In its most recent quarter, Suncor delivered the best earnings in its entire history. Yet its stock remains way down from all-time highs. The stock certainly looks like a great value today. In this article, I will make the case that it is indeed a great value, even after all the gains it has already posted this year.
Suncor earnings recap
Suncor’s most recent quarter was a pretty big success. It beat analyst estimates, boasting metrics like
- $4 billion in adjusted funds from operations. On a per-share basis, the growth was in excess of 100%;
- $2.9 billion in net income, up 253%; and
- $728 million in net debt reduction.
Those are all very solid results. And thanks to the debt reduction, Suncor has the potential to keep the good times rolling. Whenever a company reduces its debt, it reduces future interest expenses, paving the way for higher earnings in the future. So, Suncor is delivering on just about every level you’d want it to.
What’s in store for next quarter?
It’s one thing to note that Suncor had a great quarter but quite another thing to predict that the great results to continue. In order for Suncor to match its Q1 performance in Q2, it will need a few ingredients in place:
- Oil prices above $100
- Strong production
- Not too many costs
I can’t give you a short-term oil price forecast, because, ultimately, nobody knows how that will play out. OPEC could crash oil overnight by deciding on a 20% output hike, assuming they had the capacity to do it. So, short-term oil forecasts are never reliable; a few key individuals in the industry can always do something unexpected. With that said, Russia’s oil is going to be held up for the foreseeable future, and China’s lockdowns won’t last forever. These are solid indications that even in Q2, oil prices will be fairly high.
As for production levels, Suncor does not currently have any major impediments to its ability to produce oil. Its operations are moving along smoothly and there haven’t been any reports of logistical issues on the ground level.
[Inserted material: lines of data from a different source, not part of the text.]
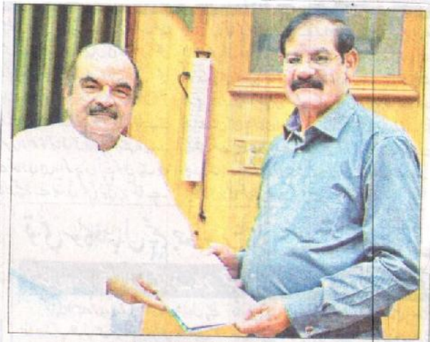
سپیکر خیبر پختونخوا اسمبلی مشتاق احمد غنی کو چیف جسٹس آئی جی عسکرت حنیف اور کوٹی سالانہ رپورٹ پیش کر رہے ہیں

ہٹانے کیلئے بہترین کردار ادا کرے گا۔ وسل بلور کے قانون پر یقینی عملدرآمد کیلئے جلد ہی کمیشن کا قیام عمل میں لایا جائے گا۔ انہوں نے ان خیالات کا اظہار چیف جسٹس راجہ نوٹیفکیشن عسکرت حنیف کو روٹی سے بات چیت کرتے ہوئے کیا جنہوں نے سپیکر سے صوبائی اسمبلی میں ملاقات کی۔ اس موقع پر چیف جسٹس نے سپیکر مشتاق احمد غنی کو روٹی آئی کمیشن کی سالانہ رپورٹ پیش کی۔ سپیکر نے مذکورہ حکم کی کارکردگی کو سراہا۔ انہوں نے کہا کہ خیبر پختونخوا اس حوالے سے ایک انفرادی اہمیت کا حامل صوبہ ہے کہ یہاں پر پاکستان تحریک انصاف کی حکومت نے زبردست قانون سازی کی۔ جو کہ دیگر صوبوں کیلئے مثالی حیثیت رکھتی ہے۔ سپیکر نے کہا کہ وسل بلور قانون ایک خاص اہمیت رکھتا ہے جس کے باعث سرکاری اداروں کی کارکردگی میں بہتری کے آثار پیدا ہونے کے ساتھ مزید نکھار آئے گا۔ انہوں نے چیف جسٹس کو یقین دہانی کروانے سے کہا کہ وسل بلور قانون پر مکمل طور پر عملدرآمد کو یقینی بنانے کیلئے وسل بلور کمیشن کے قیام کے ضمن میں وزیر اعلیٰ خیبر پختونخوا سے رابطہ کریں گے تاکہ جلد از جلد کمیشن قائم کر کے اس قانون کو موثر انداز سے لاگو کیا جاسکے۔
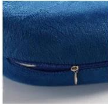
Details of zipper
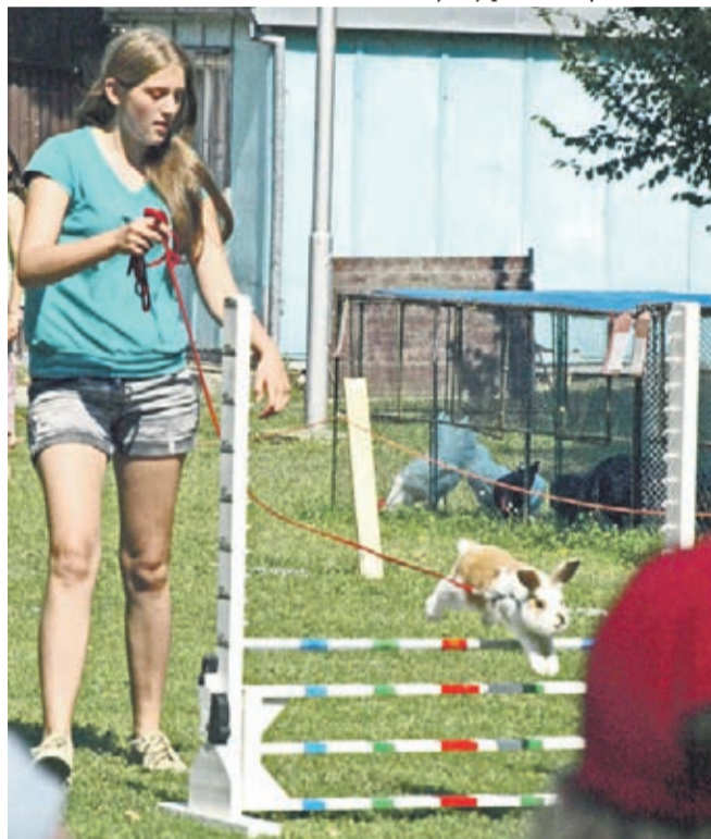
Króliczy „hop”.

lickiej. Właśnie w ten tydzień muszę tam zajrzeć choćby na kilka godzin. I tak już od pięciu lat, bo właśnie piąta rocznica podpisania umowy o partnerskiej współpracy gminy Sztiepanow z gminą Środa Śląska minęła przed kilkoma tygodniami.

Regarding costs, we know that, in fact, one of Suncor’s costs is going down. The company is paying off its debt, so its interest expenses are likely to be lower in the upcoming quarter. That doesn’t mean total costs will go down in Q2, but it could help with costs a little. On the flipside, if Suncor ramps up production, it might face higher labour costs, so it’s a mixed picture. One thing is for sure, though: if oil prices remain high, then Suncor will outperform the average TSX stock.